Eyelash extensions are a popular way to enhance the look of your eyes, but they can also be dangerous if not applied correctly. The adhesive used in eyelash application is cyanoacrylate glue, or superglue, which is known to cause a wide range of eye problems, such as contact dermatitis, conjunctival and corneal abrasion, keratoconjunctivitis and punctiform keratopathy, as well as systemic reactions such as asthma and allergies rhinitis. When applied incorrectly or with the wrong adhesive, they can cause discomfort, infections and permanent loss of eyelashes. Risk of irritation and infection is one of the main dangers of eyelash extensions. If proper hygiene and application requirements are not met, irritation or infection may occur.

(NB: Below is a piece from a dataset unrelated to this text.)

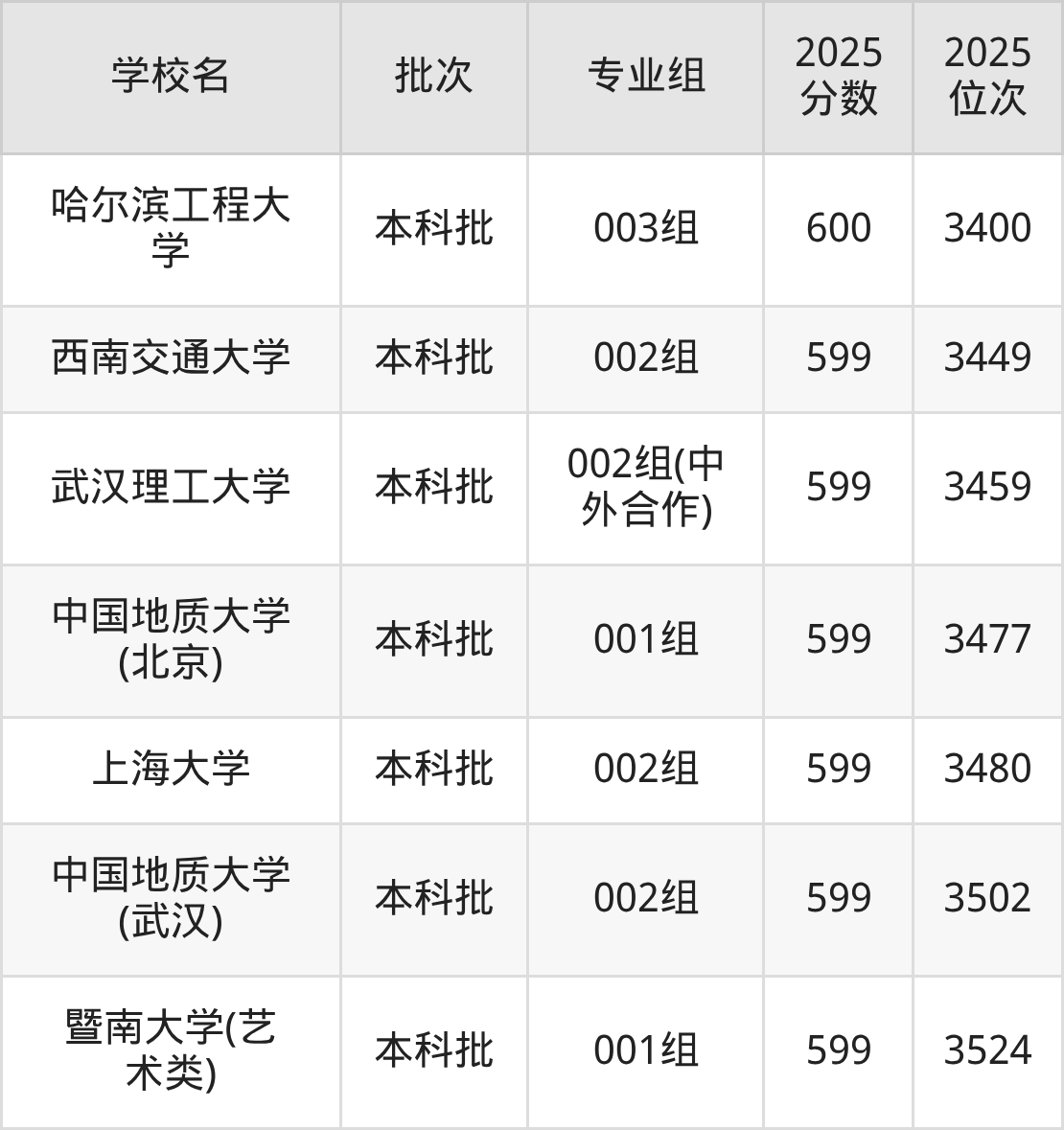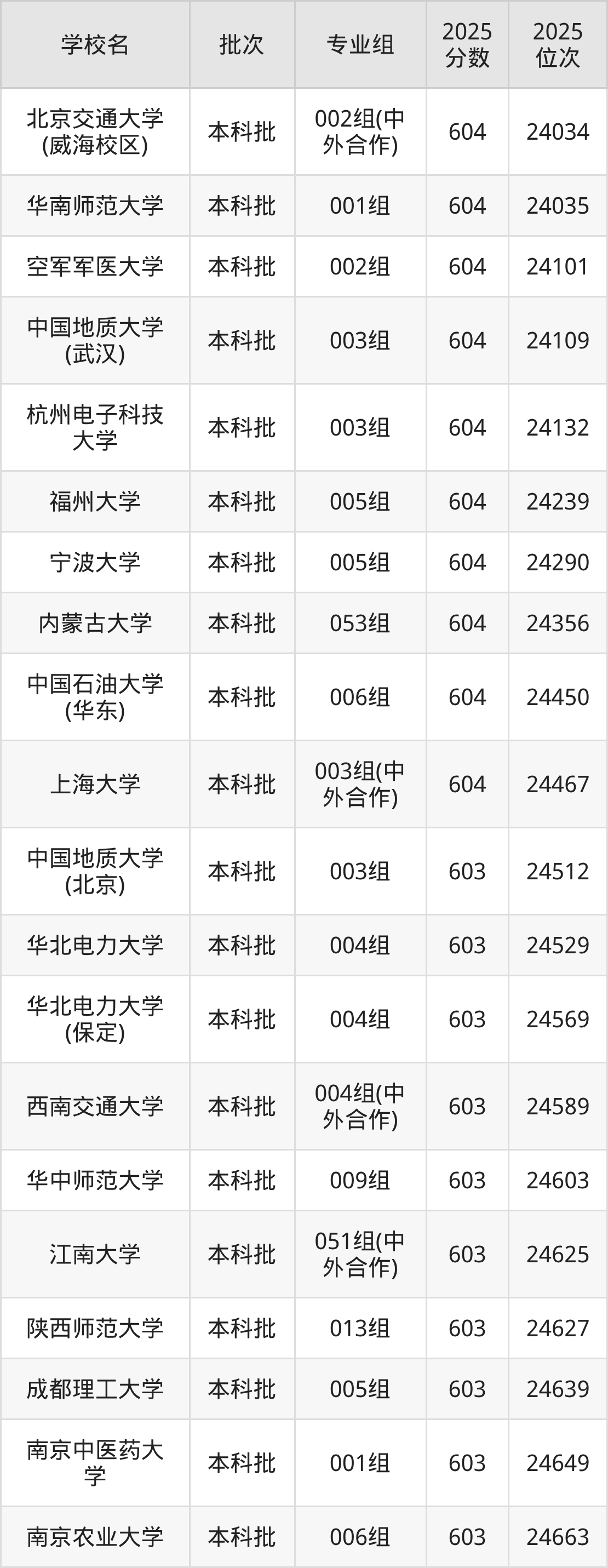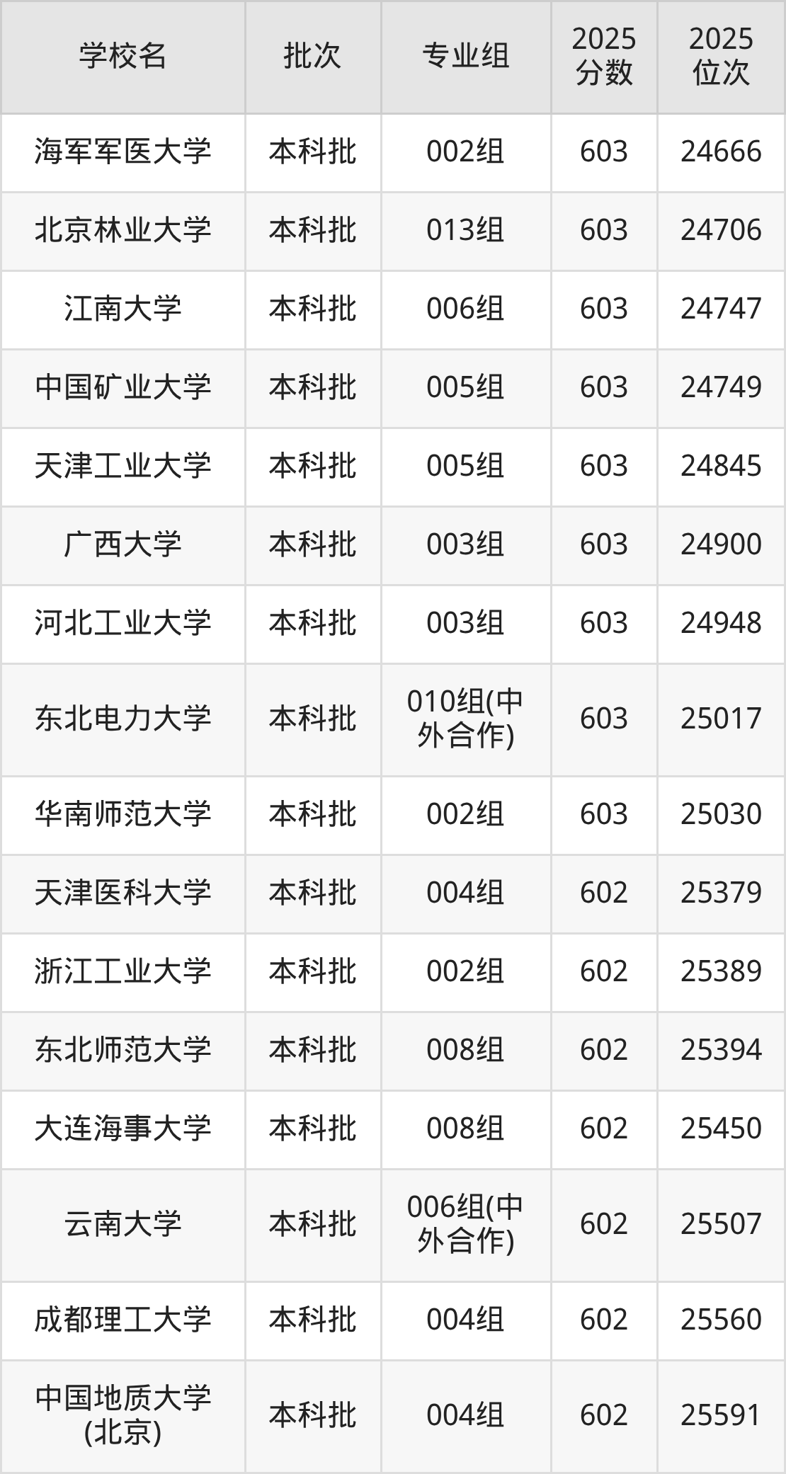 2025年安徽高考物理类603分(24504名~25101名)能上的大学有北京林业大学013组、成都理工大学005组、东北电力大学010组(中外合作)、广西大学003组等。

Most eyelash technicians should do a “patch test” with glue before applying extensions. A patch test will let them know if you're allergic to the glue they plan to use. Sometimes, even if there is no allergy, the chemicals in the glue can cause irritation on the eyelid. The area around the eyes and eyelids is very sensitive, which means that the weight of the glue can also pull the hair on the eyelashes and cause irritation.
Over time, magnets can drag the eyelid down permanently. Glue can also get into the eyes. It probably won't harm your vision. However, it can hurt and take time to heal. The way you sleep, shower, wash your face and other normally simple tasks should be done with care to keep your eyelash extensions calm, which can become a difficult task after a while.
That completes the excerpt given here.